_The problem_:
Give back the exact lines of the material below from the one containing "Trong khuôn viên" through the one containing "62. Measure voltage", and no pictures.

_Information given_:
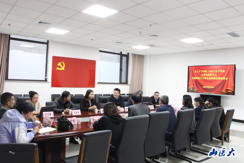 10月10日,高水平公共衛(wèi)生學(xué)院黨建共同體成員單位北京大學(xué)公共衛(wèi)生學(xué)院、我校公共衛(wèi)生學(xué)院與太原市疾病預(yù)防控制中心開(kāi)展黨建業(yè)務(wù)交流座談會(huì)。北京大學(xué)公共衛(wèi)生學(xué)院黨委書(shū)記郝元濤、黨委副書(shū)記蘇鴻,太原市疾病預(yù)防控制中心黨委書(shū)記、主任徐計(jì)宏,黨委副書(shū)記錢(qián)月紅,副主任郝瑞崗、張萍,我校公共衛(wèi)生學(xué)院黨委書(shū)記張志紅、副院長(zhǎng)邱服斌、黨委副書(shū)記蔚鈺瓊、副院長(zhǎng)宋歡等出席會(huì)議。來(lái)自各方的黨員代表共70余人參加了會(huì)議。
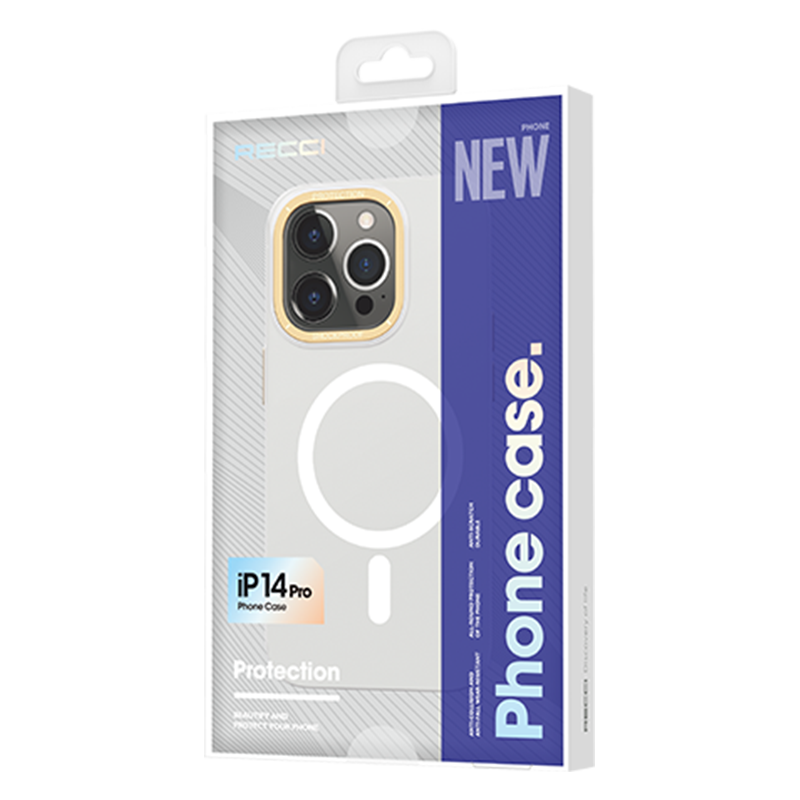 Apple iPhone 14 Pro Max Kılıf Magsafe Şarj Özellikli Metal Kamera Çerçeveli Recci Glaze Serisi Kapak Beyaz
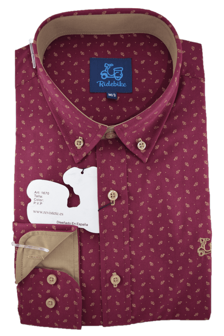 Camisa color burdeos rojo con estampados camel para niños. Manga larga. Logotipo de vespita Ridebike bordado en pecho. Cuello con botón y el puño con cierre de dos botones.
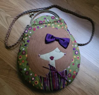 Bolso de mano con un diseño original de cara y detalles coloridos. Bolso unico - Asa trenzada para llevar al hombro. - Cierre de boquilla metálico. - Decoración con círculos de varios tamaños y colores.
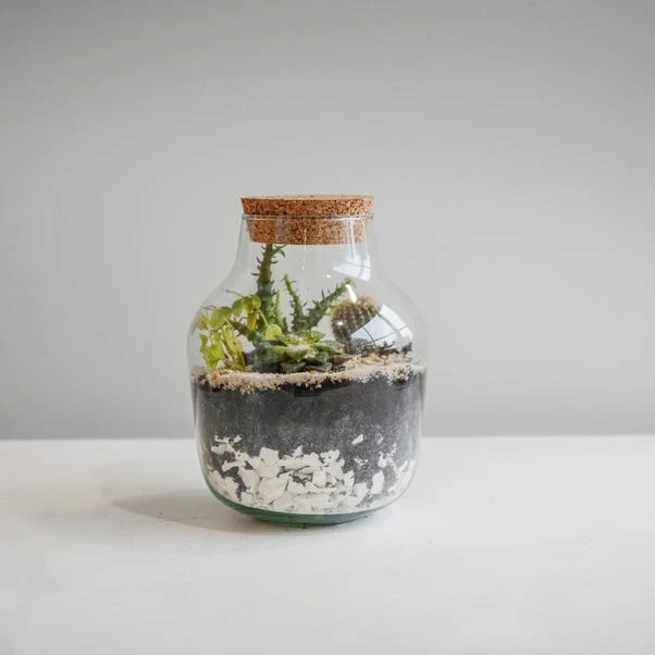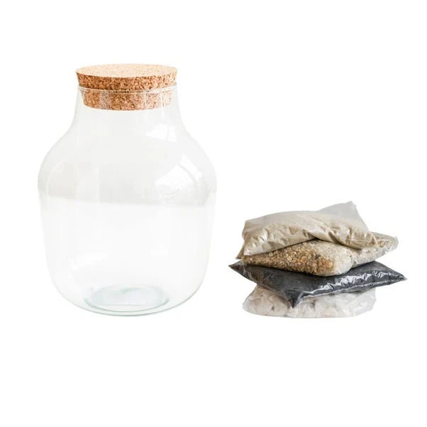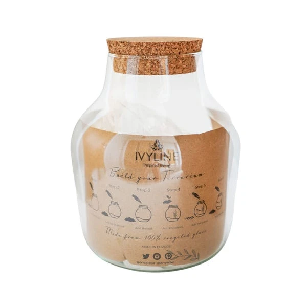 Add the Ivyline DIY Terrarium Kit in Large to your home and watch as the eco-system you create flourishes. This glass terrarium kit is premium quality and comes with charcoal, gravel, sand, and rocks, giving you everything you need to craft a paradise inside. Just add your favourite plants and position the lid to seal it, keeping the design waterproof and raising the humidity inside the terrarium. Made in Europe from 30% recycled glass, this bottle shape terrarium is ethically sourced and sustainable. You’ll have your own little environment inside and know that it’s good for the earth too!
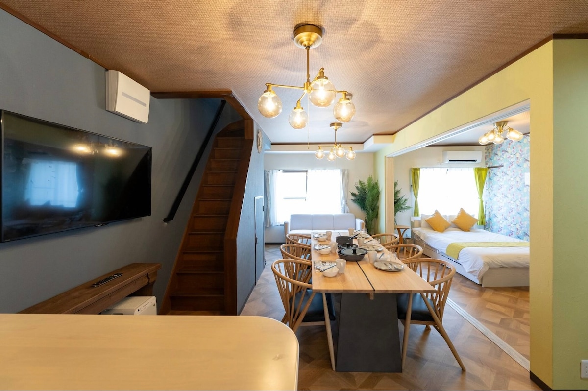Located in Osaka’s Joto Ward, this 1909 historic house is a rare WWII survivor. Renovated in 2015 by a renowned designer, it spans 150㎡, blending historical charm with modern luxury in a tranquil city-center retreat. Its elegant design harmonizes past and present, offering cultural immersion and spacious comfort.With two bathrooms, separated toilets, washbasins, and a large bath, it ensures privacy and cleanliness for groups. Experience culture, history, & comfort your perfect Osaka stay awaits.
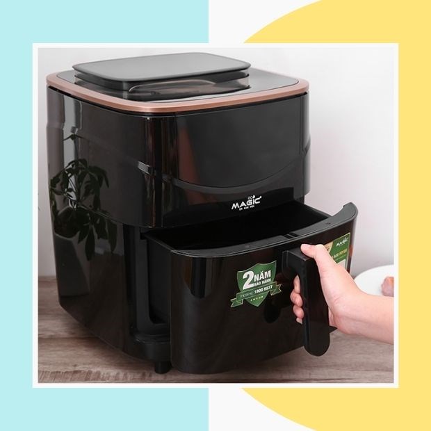 Nồi chiên không dầu kết hợp hấp Magic Eco S05 có công suất chiên 1500W - hấp 900W cùng 14 chương trình nấu được cài đặt sẵn, giúp nấu đa dạng món ăn ngon. Hãy cùng Mẹo vào bếp tìm hiểu về chức năng, ưu nhược điểm, cách sử dụng mẫu nồi này khi chiên gà nhé!
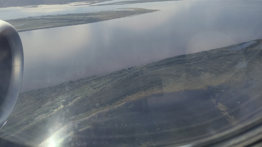Новый Уренгой - Салехард:45 минут на Сухом суперджете авиакомпании "Ямал".На борту и покормят, и развлекут.Из иллюминатора потрясающие виды
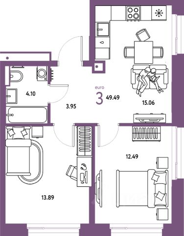 Продаётся квартира площадью 52 м2 в жилом комплексе "Айрис". Квартира находится на 14 этаже, жилая площадь квартиры 28.2 м2, площадь просторной кухни — 8.9 м2. Среди особенностей планировки — изолированные комнаты с окнами на одну сторону, 1 совмещённый санузел. Срок сдачи — III кв. 2027 Жилой комплекс "Айрис" — это: - фиджитал-квартал в Тюмени - дома высотой от 7 до 25 этажей - квартиры с системой "Умный дом" - цифровые технологии как элемент благоустройства Окружение В нескольких минутах ходьбы от дома — парк "Комарово" с волейбольной площадкой, открытым кинотеатром, зонами для барбекю и катком. Неподалеку от Airis находится центр иппотерапии, где можно покататься на лошадях и взять уроки верховой езды. На территории Airis появится собственный парк с прогулочными аллеями. Инфраструктура В 5-10 минутах от квартала открыты 2 детских сада и гимназия. На шопинг можно отправиться в торговые комплексы "Колумб" и "Кристалл" — они находятся недалеко от дома. Благоустройство Уютный двор — приватное пространство для жителей. В беседках можно будет почитать книгу в тишине, а в тени деревьев устроиться на пикник. На крыше многоуровневого паркинга будет лаунж-зона с кинотеатром, баскетбольная площадка и воркаут-пространство, где можно позаниматься с виртуальным тренером — достаточно отсканировать код. Лобби Интерьеры лобби выполнены в пастельных тонах с элементами фиджитал-решений. Для отдыха и ожидания гостей создана лаунж-зона. Также есть гостевые санузлы. Колясочные Возвращайтесь налегке после прогулки с малышом — оставить коляску можно в специальном помещении на первом этаже. Кладовые Для сезонных и габаритных вещей предусмотрены отдельные кладовые на цокольном этаже. В каждом помещении уже проведено электричество и выполнена стяжка пола. Паркинг На территории — два многоуровневых наземных паркинга. Один из них примыкает к домам — из него можно напрямую пройти в парадные. Планировки Планировки квартала — от компактной студии до сити-хауса с собственным палисадником — соответствуют любым жизненным сценариям. Можно выбрать квартиры с террасами и готовыми дизайнерскими интерьерами. Продается 3-комнатная квартира 50 м2 в Тюмени.
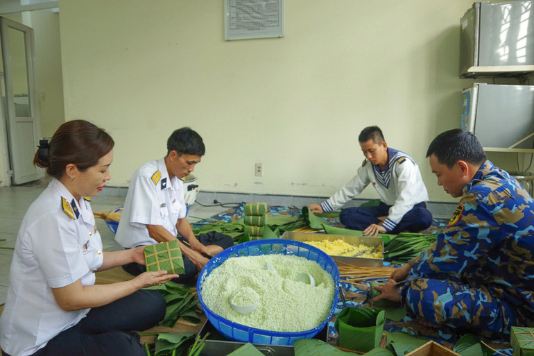 Trong khuôn viên đơn vị, sắc xuân hiện diện qua những chậu mai vàng, cành đào thắm, những băng rôn, khẩu hiệu mừng Đảng, mừng Xuân được trang trí trang trọng. Hoạt động gói bánh chưng xanh trở thành nét đẹp truyền thống mỗi dịp Tết đến. Bên nồi bánh đỏ lửa, tiếng cười nói rộn ràng, những bàn tay quen sóng gió khéo léo gói từng chiếc bánh vuông vức. Mỗi chiếc bánh không chỉ mang hương vị Tết quê hương mà còn gửi gắm tình đồng chí, đồng đội nơi đầu sóng.
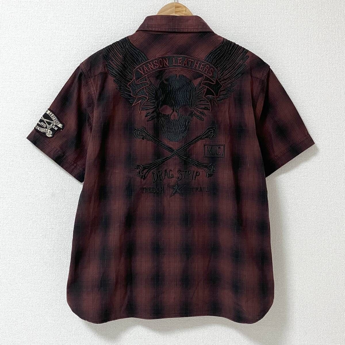 > VANSON スカル ウィング 刺繍 ワッペン 半袖 シャツ オンブレ チェック エンジ系 XLサイズ ヴァンソン バンソン 髑髏 5060338
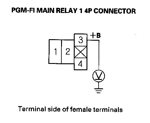 62. Measure voltage between PGM-FI main relay 1 4P connector terminal No. 1 and body ground.
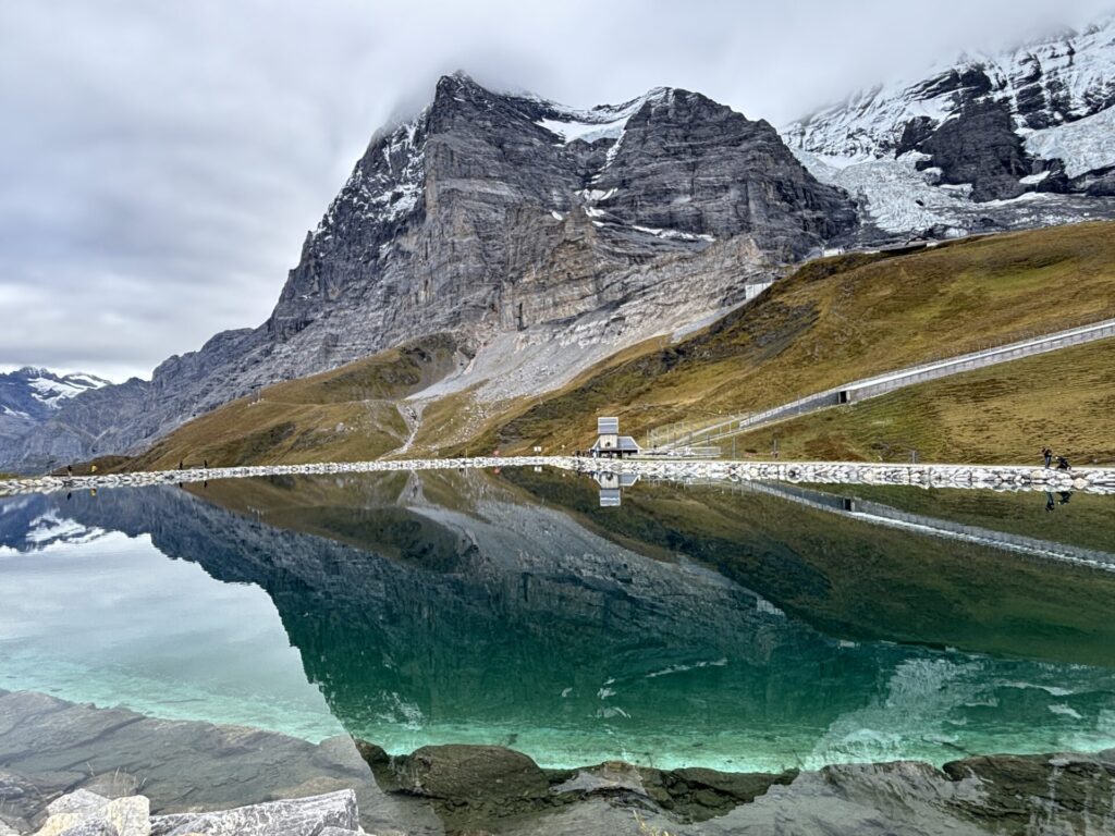 その湖面には、アイガーやメンヒの姿がくっきりと映り込んでいて、まるで絵画のような光景だった。
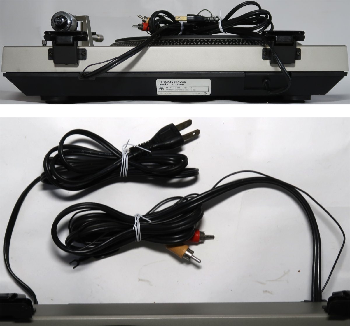 箱に入った状態で手に入れております。元箱は汚れや傷あります。性能はネット上でお調べください。出品は画像の物のみです。針やカートリッジは付属しておりません。他に必要なものがあればご自分でご用意ください。使用品ですので多少の擦れや汚れはあります。天板は多少の細かいこすれはあります。私が持っている針、レコードなど機器を用意してテストしました。オーディオケーブルに問題があります。付け根付近に脱線があります。ケーブルの角度を変えたり、押し込んだりしないと通電しませんでした。なんとか角度を調整して通電した状態でテストしました。レコード(30cm)は普通に聞けました。各部も動作しております。その他のボタンの機能はしております。手動でトーンアームを操作は問題なくできます。ターンテーブルも問題なく回転します。トーンアームのオートスタート及びストップがきちんと動作していないようです。スタートボタンを押すとトーンアームは動き出して、なぜか最後まで行ってしまいます。戻ってくる時は下がったまま戻ってきます。ストップを押して手動で戻した後にもう一度押すと今度はレコードの2/3くらい行ったところでトーンアームが下りて演奏が始まります。最後まで聞き終わると自動的にロックまで戻ります。メモリーピートつまみは電源オンの代わりのようなボタンですが正確な動作確認はとれておりません。操作時は0と1をテストしたのみです。33回転のみのテストで回転速度調整もできました。45回転はレコードがなかったのでテストしてないです。アンティスケーティングつまみも使用方法がわからないのでテストしません。回転時は電源オンのイルミネーションは点灯してます。分かることは以上です。お取引後のサポートはしておりません。お取引後はいかなる理由がありましても返品はできませんし、クレームはお受けできません。
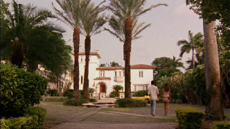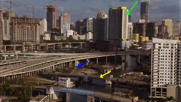 Then we see a brief overview establishing shot of Miami before returning to Jimbo’s where Fiona makes her presence known. The interesting thing about the overview establishing shot is that it showcases the building that stands on the site of Miami Vice’s O,C.B building that we saw the outside of in most of the episodes.
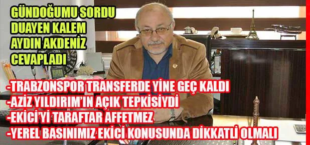 FB’ye olaylı bir şekilde transfer olan Mehmet Ekici’ye sert ifadelerle yüklenen Aydın Akdeniz, ‘Trabzonspor’la var olmuş bir ismin bu hareketini tabiki camia unutmayacaktır bakınız yönetim demiyorum camia diyorum. Ekici ne yazık ki bir profesyonel gibi davranmadı, dilim varmıyor ama daha çoğunu hak ediyor. Yerel basında sık sık beyanatlarını okuyoruz bunlar taraftarın camianın tepkisini azaltmaya dönük çabalardır, yerel basınımızda bu tür eylemlere alet olmamalıdır’ dedi.
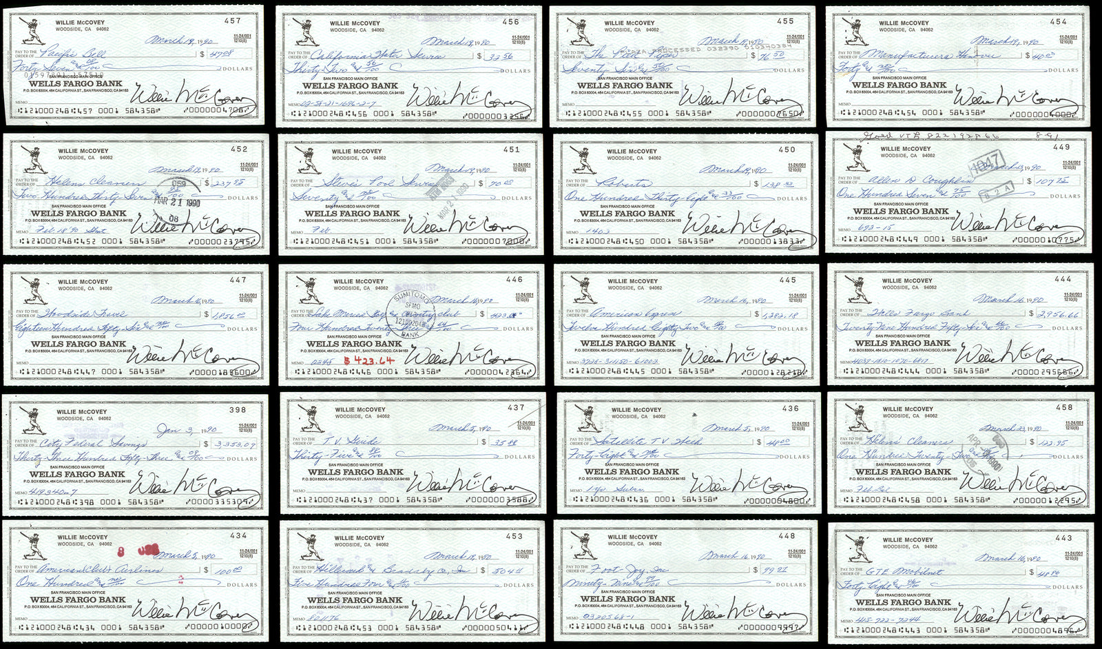 Lot of 50 Willie McCovey 3x6 Checks San Francisco Giants SKU #219430
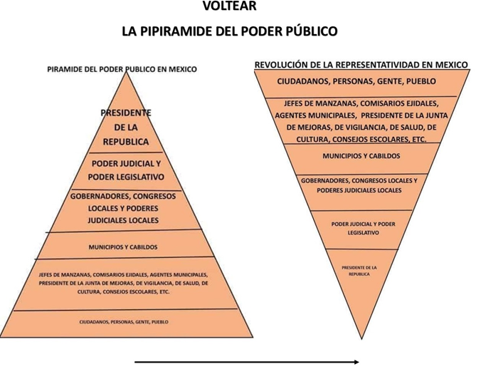 Pero voltear la pirámide del poder público global requiere ir más allá de acotar las formas por donde hace aguas el sistema y propicia la corrupción, tiene que ver con empoderar lo local, el municipio, la comunidad, tiene que haber una revolución de la representación real, tomando en cuenta la demografía y la psicología.

_Answer to the exercise_:
 Trong khuôn viên đơn vị, sắc xuân hiện diện qua những chậu mai vàng, cành đào thắm, những băng rôn, khẩu hiệu mừng Đảng, mừng Xuân được trang trí trang trọng. Hoạt động gói bánh chưng xanh trở thành nét đẹp truyền thống mỗi dịp Tết đến. Bên nồi bánh đỏ lửa, tiếng cười nói rộn ràng, những bàn tay quen sóng gió khéo léo gói từng chiếc bánh vuông vức. Mỗi chiếc bánh không chỉ mang hương vị Tết quê hương mà còn gửi gắm tình đồng chí, đồng đội nơi đầu sóng.
 > VANSON スカル ウィング 刺繍 ワッペン 半袖 シャツ オンブレ チェック エンジ系 XLサイズ ヴァンソン バンソン 髑髏 5060338
 62. Measure voltage between PGM-FI main relay 1 4P connector terminal No. 1 and body ground.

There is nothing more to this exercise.